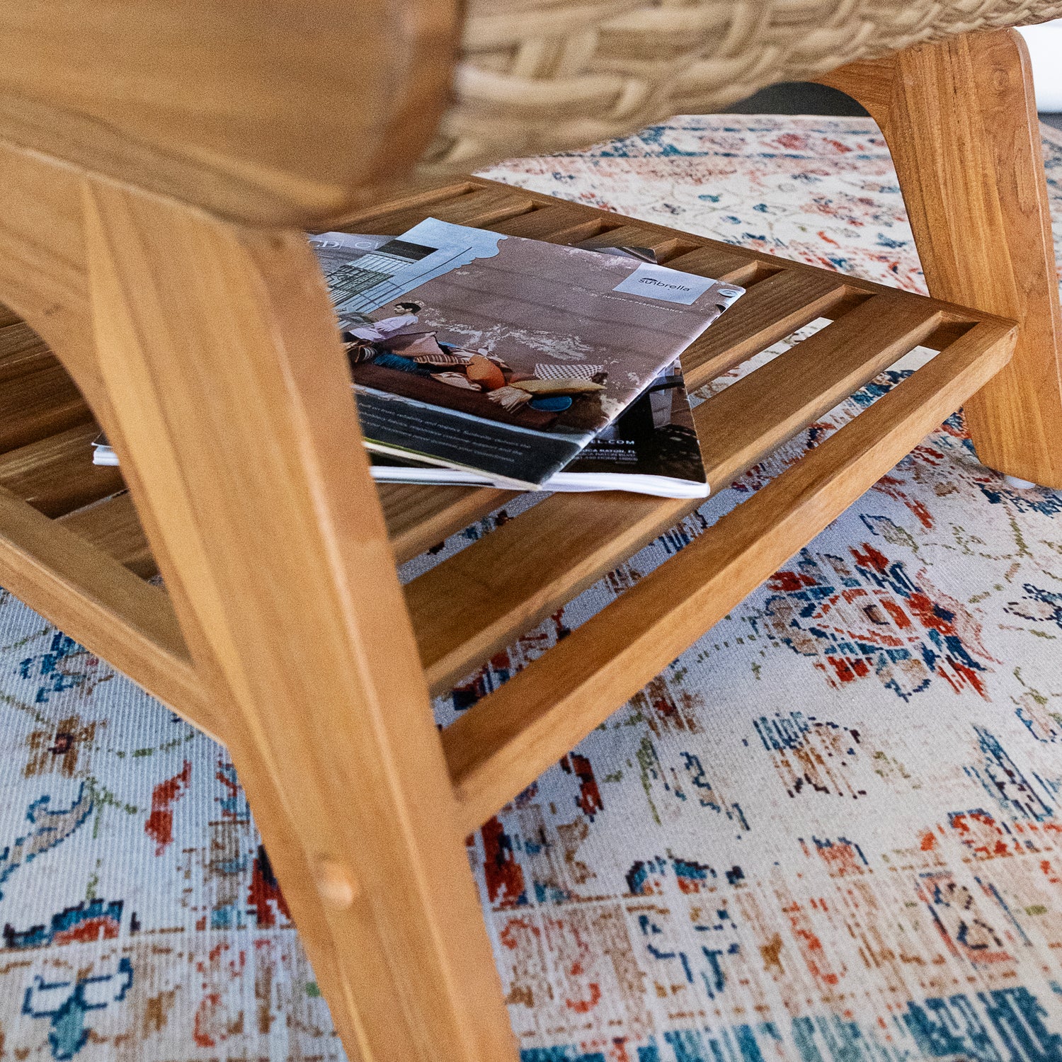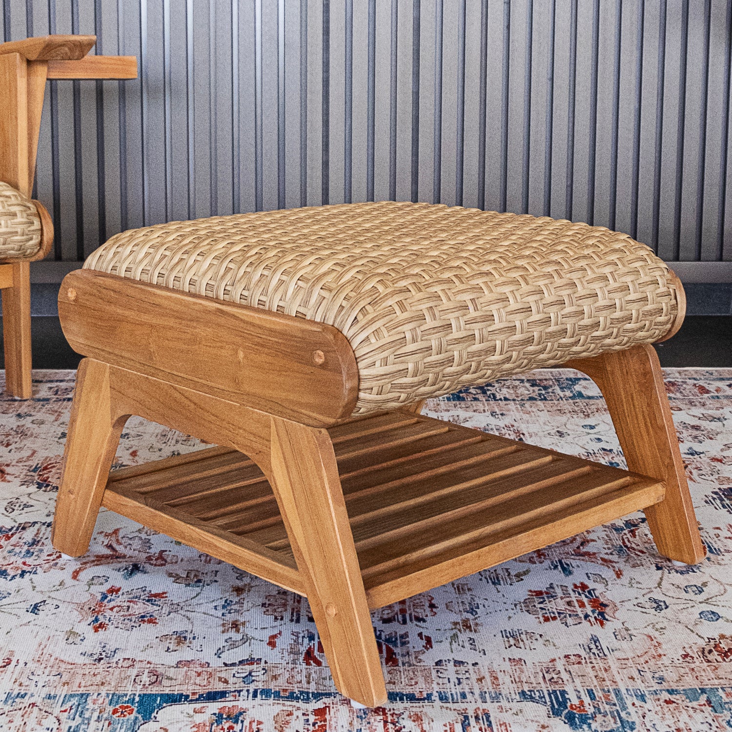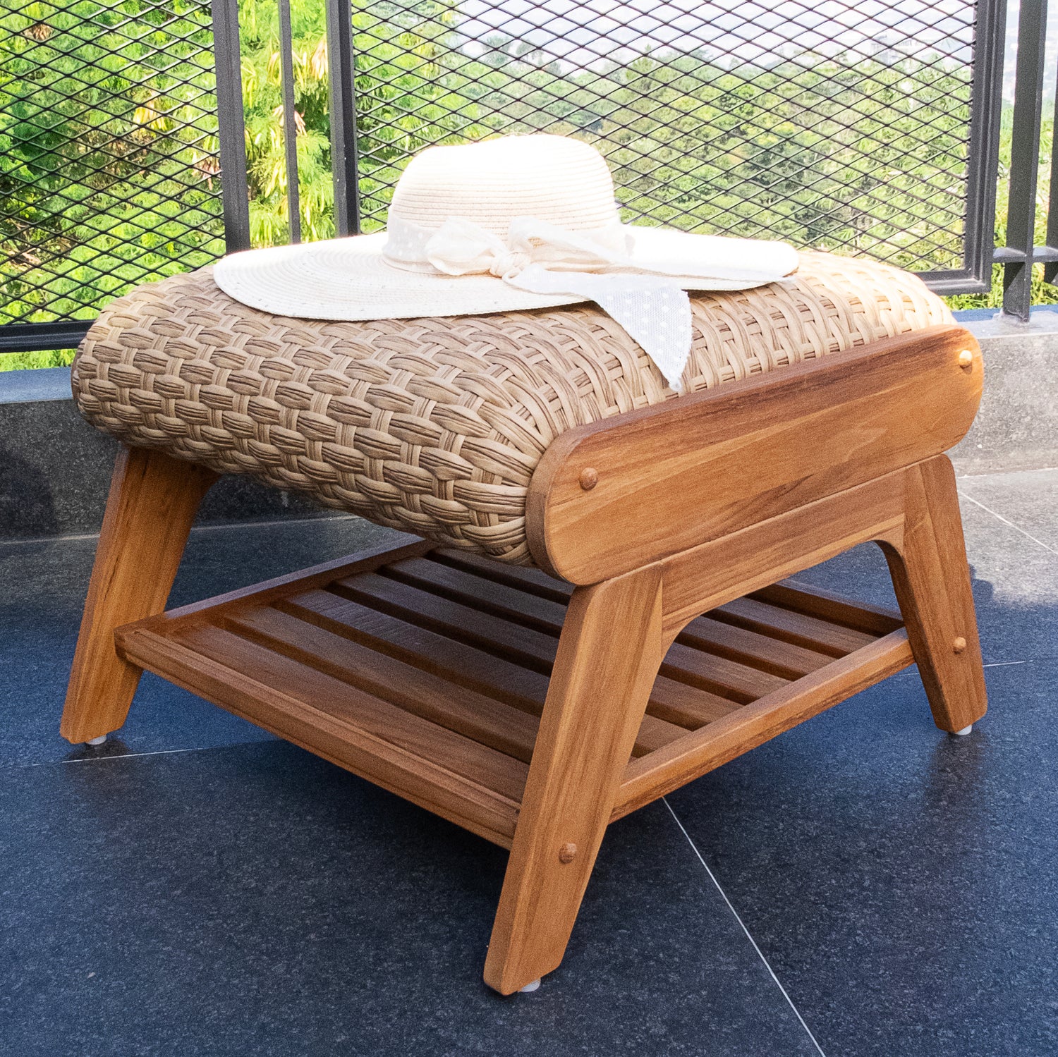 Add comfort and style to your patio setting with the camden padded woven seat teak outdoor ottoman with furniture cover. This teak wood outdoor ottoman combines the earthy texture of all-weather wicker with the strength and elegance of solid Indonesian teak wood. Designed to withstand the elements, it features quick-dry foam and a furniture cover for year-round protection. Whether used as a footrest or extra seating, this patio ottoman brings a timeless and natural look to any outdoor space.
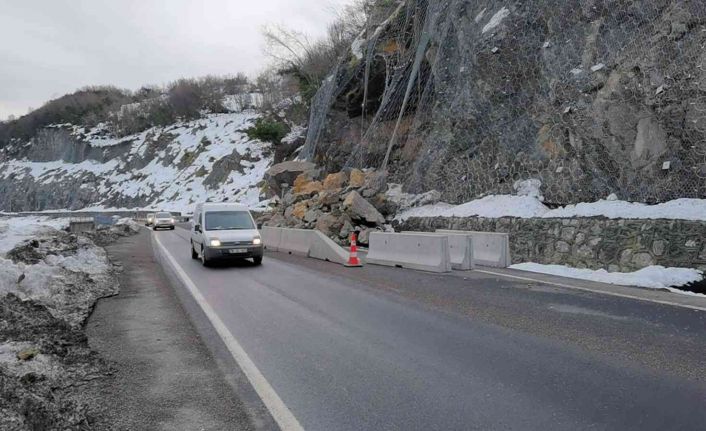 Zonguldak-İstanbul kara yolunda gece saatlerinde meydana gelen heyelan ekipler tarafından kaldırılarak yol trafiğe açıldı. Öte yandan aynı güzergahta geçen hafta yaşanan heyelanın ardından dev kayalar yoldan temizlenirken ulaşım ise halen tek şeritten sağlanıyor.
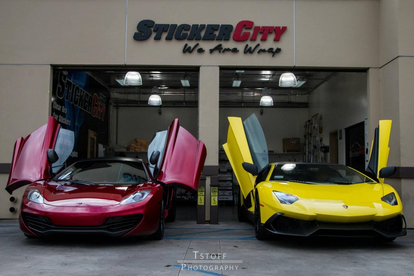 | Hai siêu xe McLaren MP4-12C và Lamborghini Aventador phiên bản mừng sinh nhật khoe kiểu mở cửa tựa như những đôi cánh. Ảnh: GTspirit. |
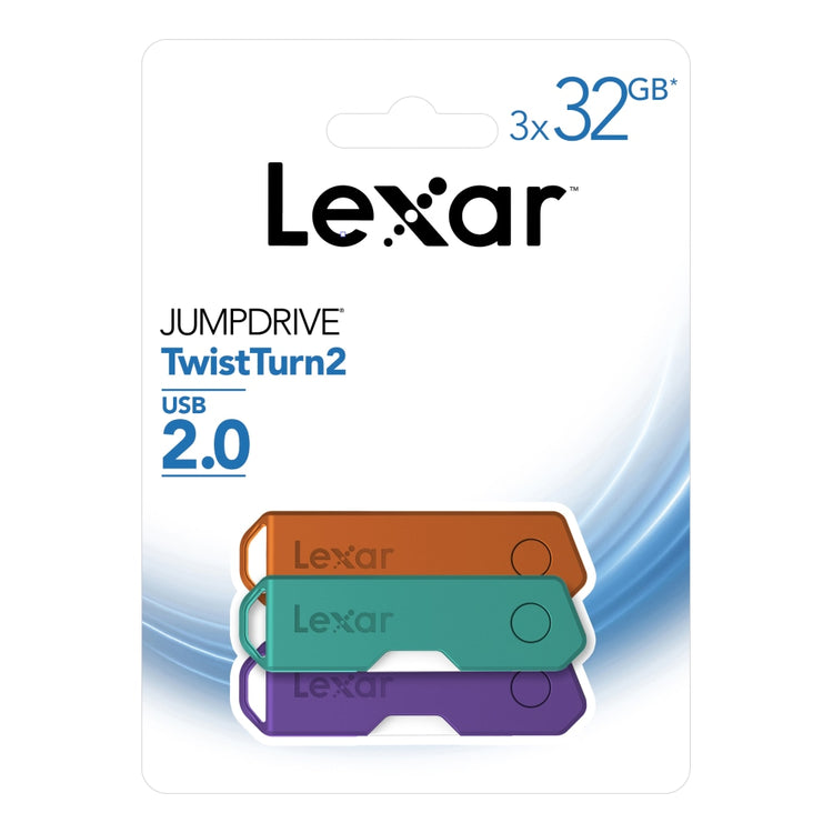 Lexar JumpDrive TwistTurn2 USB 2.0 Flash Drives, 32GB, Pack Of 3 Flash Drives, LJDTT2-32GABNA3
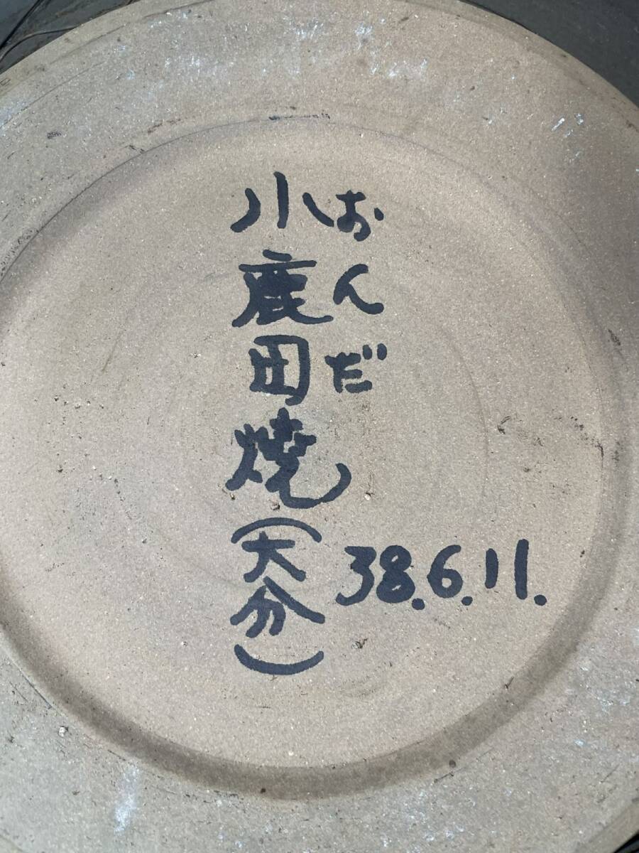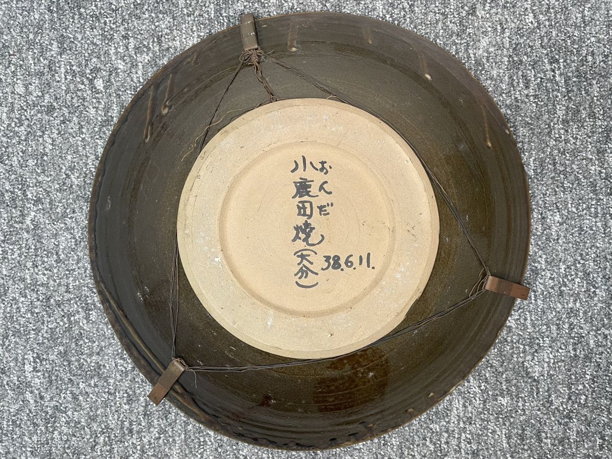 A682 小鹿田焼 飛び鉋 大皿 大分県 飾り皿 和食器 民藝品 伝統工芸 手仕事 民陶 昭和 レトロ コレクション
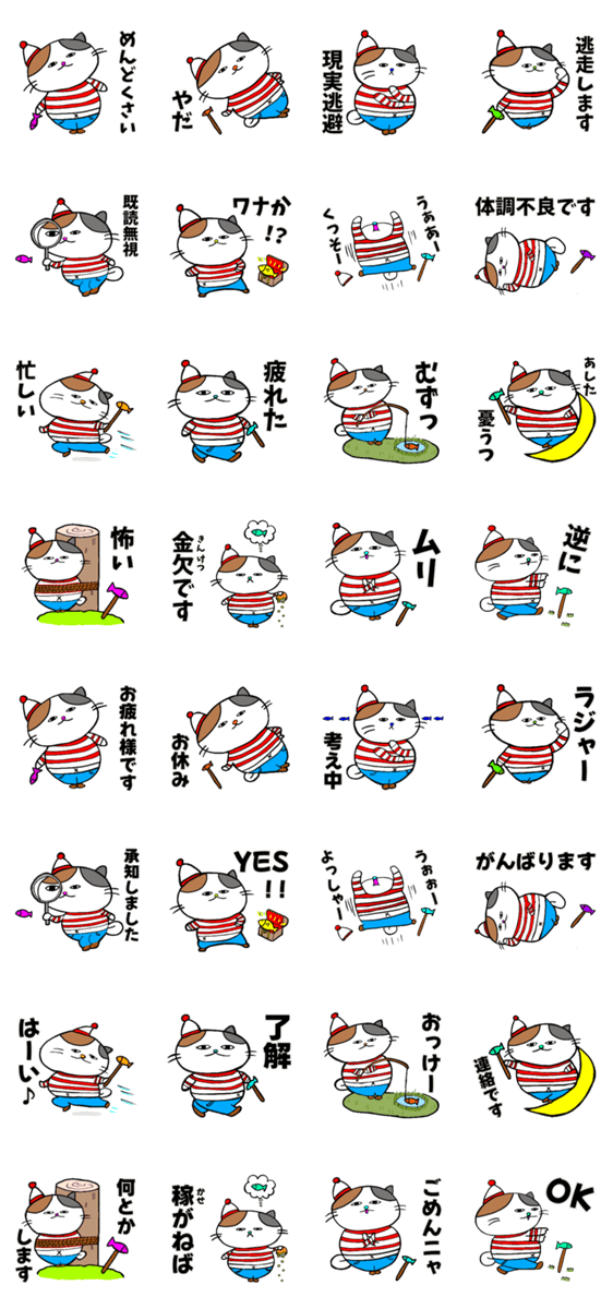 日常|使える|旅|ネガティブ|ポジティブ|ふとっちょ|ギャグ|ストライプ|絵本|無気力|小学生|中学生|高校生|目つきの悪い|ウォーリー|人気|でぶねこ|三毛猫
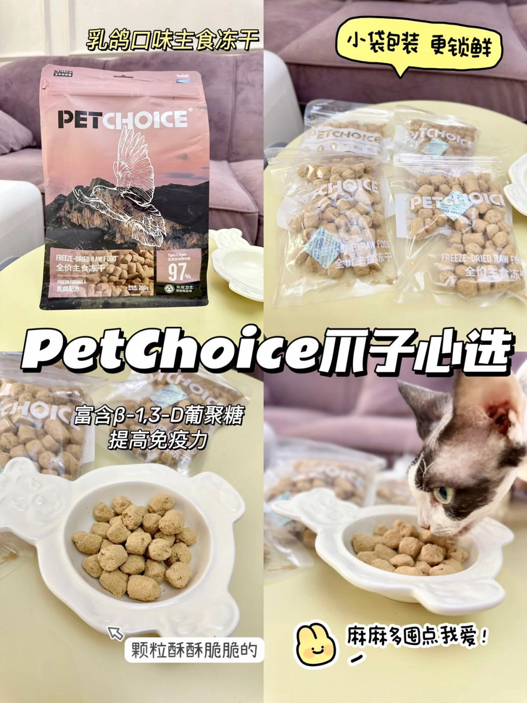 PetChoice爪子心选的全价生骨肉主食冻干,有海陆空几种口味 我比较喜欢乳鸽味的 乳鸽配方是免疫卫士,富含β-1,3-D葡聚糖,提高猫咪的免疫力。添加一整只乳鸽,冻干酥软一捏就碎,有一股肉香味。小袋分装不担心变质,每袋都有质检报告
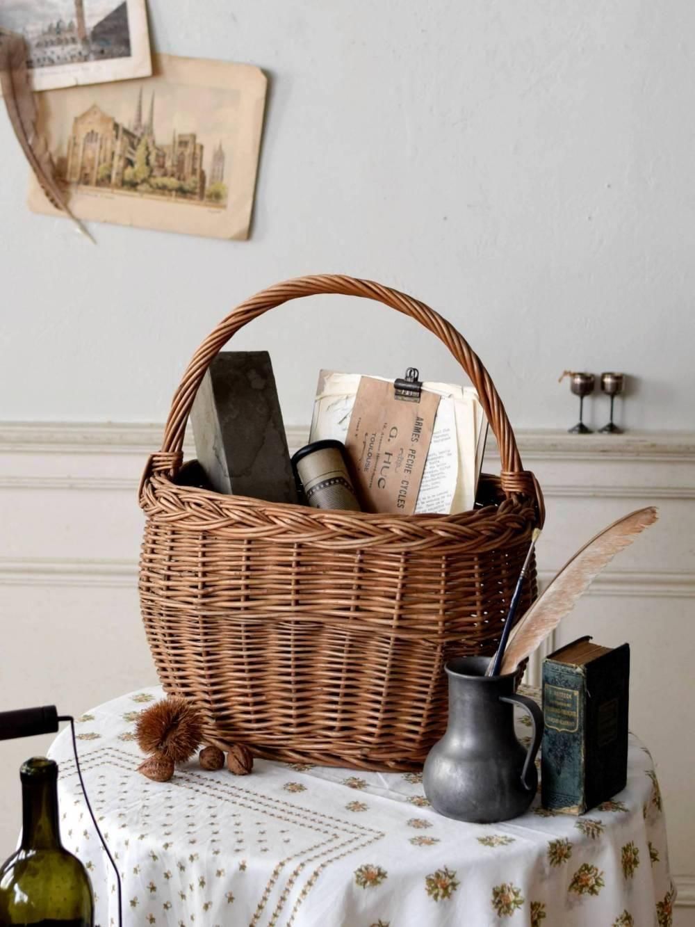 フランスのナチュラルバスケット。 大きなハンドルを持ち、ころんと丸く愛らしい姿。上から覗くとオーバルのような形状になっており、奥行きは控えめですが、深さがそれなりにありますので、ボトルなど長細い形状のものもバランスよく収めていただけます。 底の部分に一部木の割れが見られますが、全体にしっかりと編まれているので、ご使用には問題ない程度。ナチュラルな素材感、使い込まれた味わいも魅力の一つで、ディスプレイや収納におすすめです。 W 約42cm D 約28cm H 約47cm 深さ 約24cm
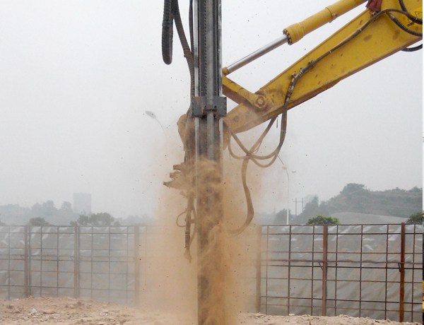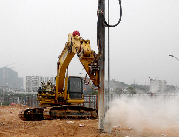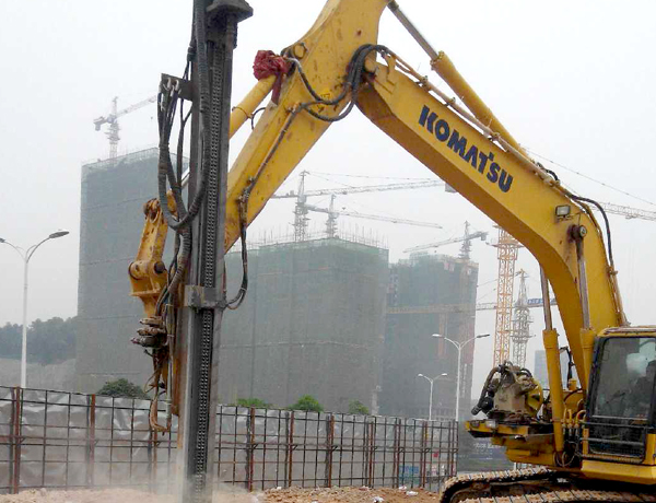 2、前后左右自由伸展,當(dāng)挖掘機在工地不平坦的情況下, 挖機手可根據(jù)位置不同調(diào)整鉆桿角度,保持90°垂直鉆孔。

────────────────────────────────────────

**Exercise directions**
Word for word and without pictures, please write out only the lines from the start of the entries through the line containing "A682 小鹿田焼 飛び鉋", both included.

**Response to the exercise**
 Add comfort and style to your patio setting with the camden padded woven seat teak outdoor ottoman with furniture cover. This teak wood outdoor ottoman combines the earthy texture of all-weather wicker with the strength and elegance of solid Indonesian teak wood. Designed to withstand the elements, it features quick-dry foam and a furniture cover for year-round protection. Whether used as a footrest or extra seating, this patio ottoman brings a timeless and natural look to any outdoor space.
 Zonguldak-İstanbul kara yolunda gece saatlerinde meydana gelen heyelan ekipler tarafından kaldırılarak yol trafiğe açıldı. Öte yandan aynı güzergahta geçen hafta yaşanan heyelanın ardından dev kayalar yoldan temizlenirken ulaşım ise halen tek şeritten sağlanıyor.
 | Hai siêu xe McLaren MP4-12C và Lamborghini Aventador phiên bản mừng sinh nhật khoe kiểu mở cửa tựa như những đôi cánh. Ảnh: GTspirit. |
 Lexar JumpDrive TwistTurn2 USB 2.0 Flash Drives, 32GB, Pack Of 3 Flash Drives, LJDTT2-32GABNA3
 A682 小鹿田焼 飛び鉋 大皿 大分県 飾り皿 和食器 民藝品 伝統工芸 手仕事 民陶 昭和 レトロ コレクション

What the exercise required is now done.